### [Task objective]
Starting with the line that contains "Muška polo majica" and ending with the last line of the entries, repeat exactly those lines and nothing else, pictures excluded.

_ _ _ _ _ _ _

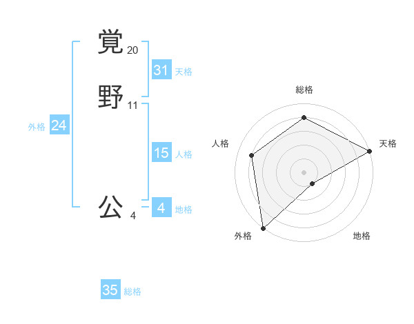 覚野 公さんの総格は35画の4点!
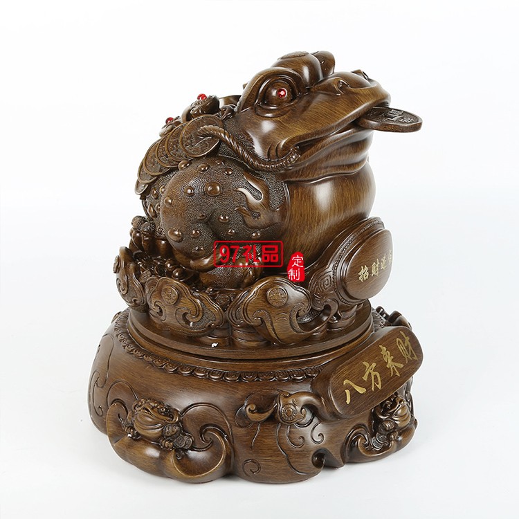 招財(cái)金蟾擺件仿木八方來財(cái)樹脂工藝品
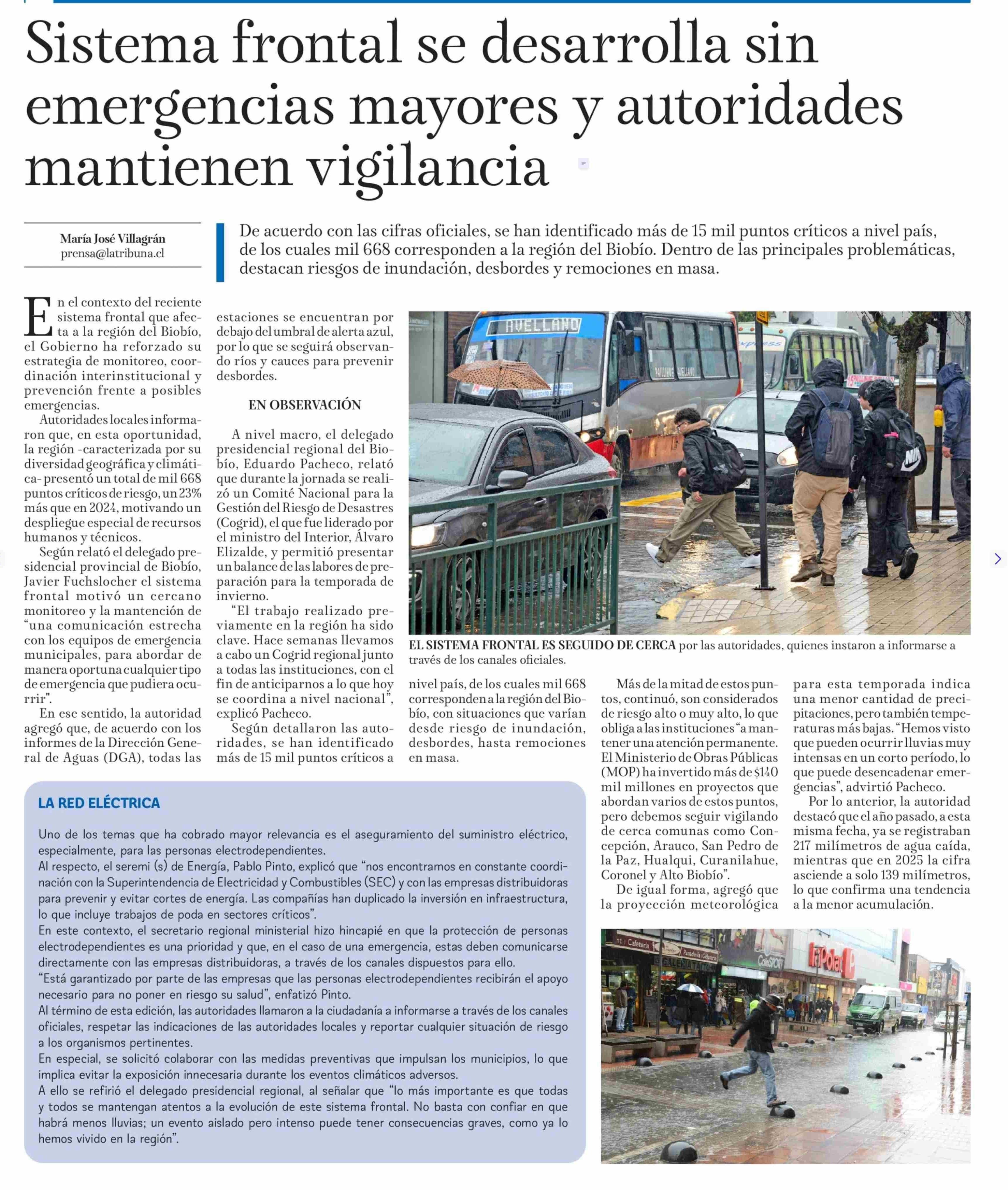 Sistema frontal se desarrolla sin emergencias mayores y autoridades mantienen vigilancia
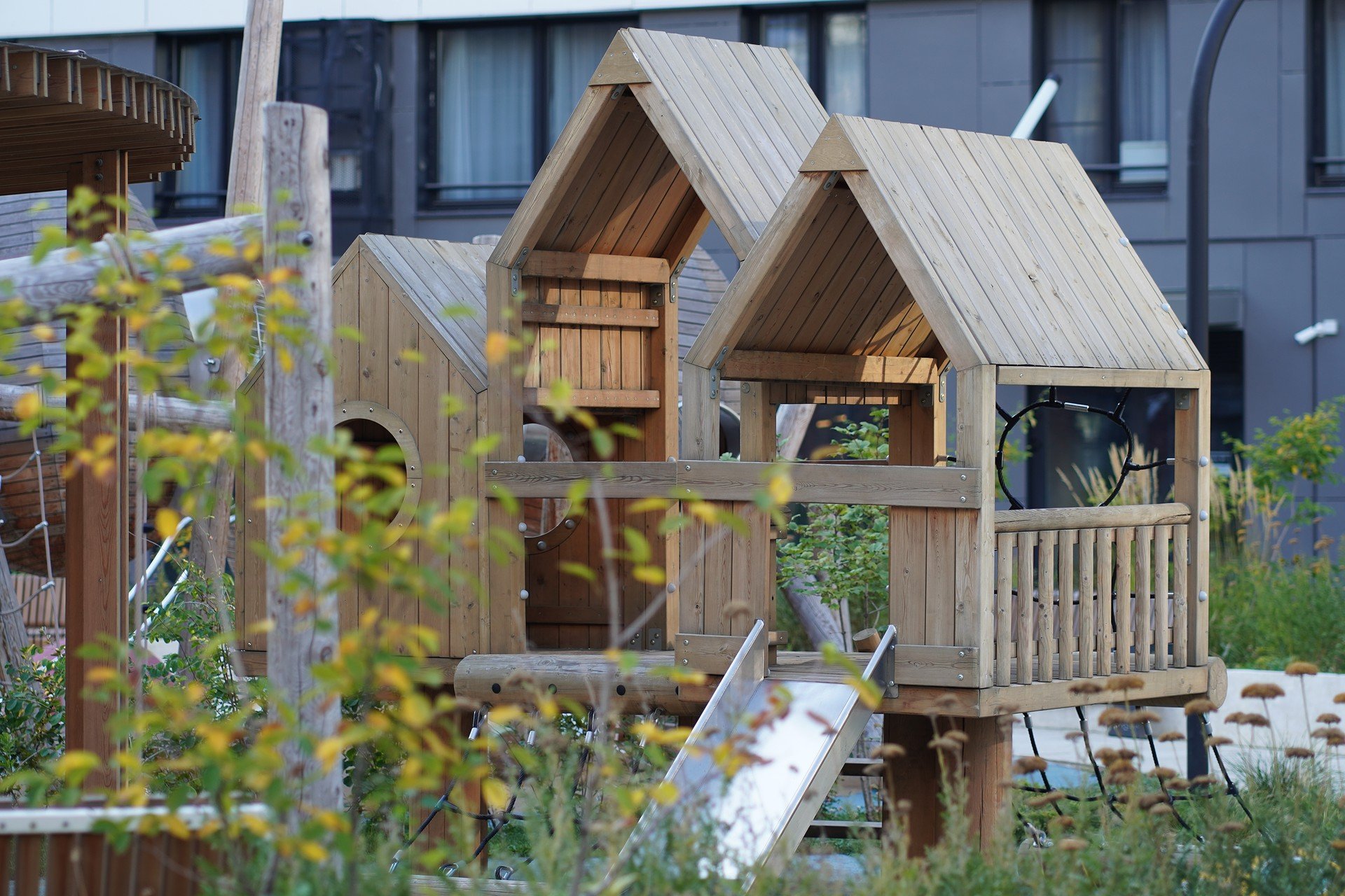 Одна из выразительных деталей двора — игровые домики-скворечники, созданные Лебером по индивидуальному заказу. Они сделаны в стиле Натуральной серии компании и выполнены из прочной сибирской древесины. Её естественная фактура и тёплый оттенок органично дополняют ландшафт, вдохновлённый природными образами и мурмурацией — синхронными полётами птичьих стай.
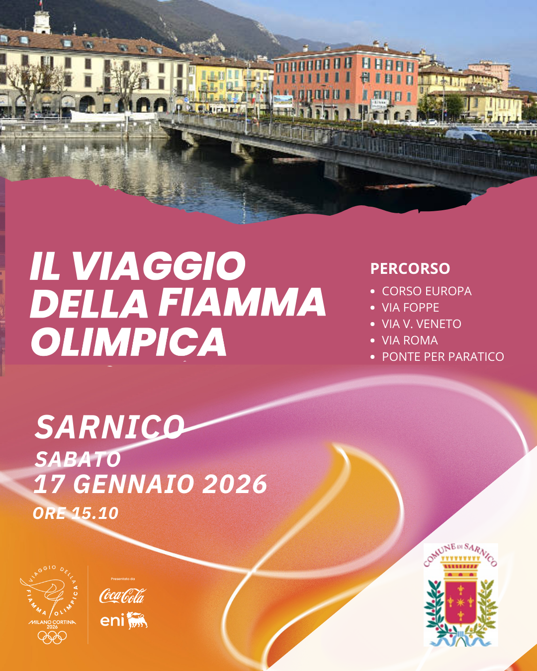 La Fiamma olimpica di Milano-Cortina 2026, attraversa Sarnico nella 41esima tappa del suo viaggio verso i Giochi Olimpici Invernali, portando con sé i valori universali dello sport, della pace e dell'incontro tra i popoli.
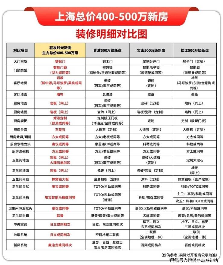 我把各区目前四百万比较热门的新房的装修标准做了横向对比:✅联发·时光新澍售楼处电话:400-8878-824✅︎✅︎✅
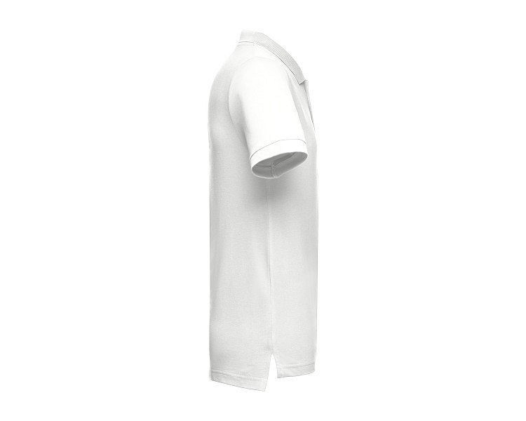Muška polo majica kratkih rukava od 100% piquč mesh pamuka (195 g/m²). Majica ima regular fit kroj, a ranfle na rukavima i kragna su od rebrastog materijala. Okovratnik je ojačan piquč trakom. Na prednjoj strani, pored kragne, nalaze se tri dugmeta u boji majice (dodatno dugme umetnuto u unutrašnji šav). Majica je sečena i šivena i ima bočne otvore na dnu
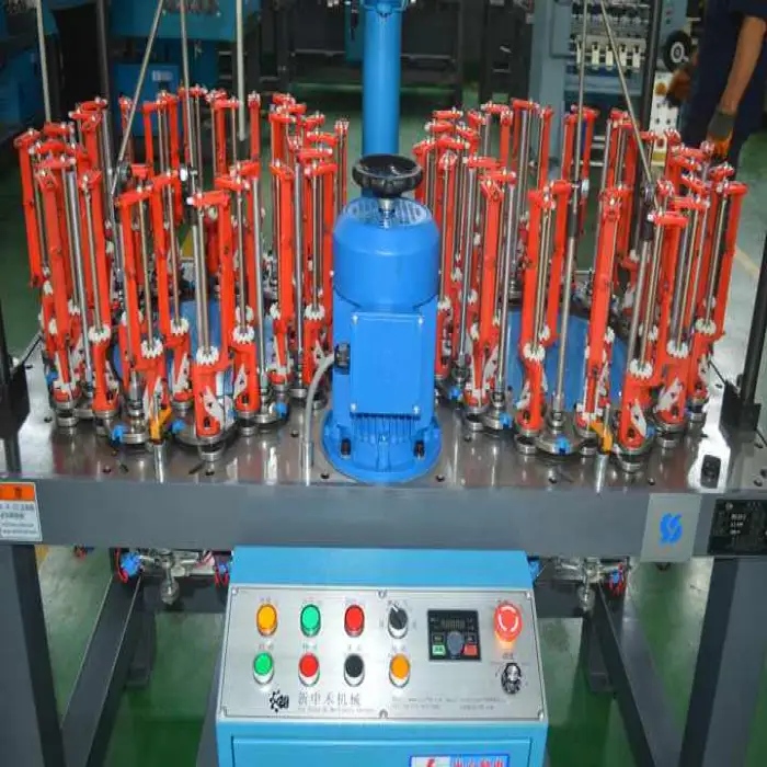 The machine is versatile and can be used with various types of yarns and fabrics, suitable for different braiding applications.

_ _ _ _ _ _ _

### [Answer box]
Muška polo majica kratkih rukava od 100% piquč mesh pamuka (195 g/m²). Majica ima regular fit kroj, a ranfle na rukavima i kragna su od rebrastog materijala. Okovratnik je ojačan piquč trakom. Na prednjoj strani, pored kragne, nalaze se tri dugmeta u boji majice (dodatno dugme umetnuto u unutrašnji šav). Majica je sečena i šivena i ima bočne otvore na dnu
 The machine is versatile and can be used with various types of yarns and fabrics, suitable for different braiding applications.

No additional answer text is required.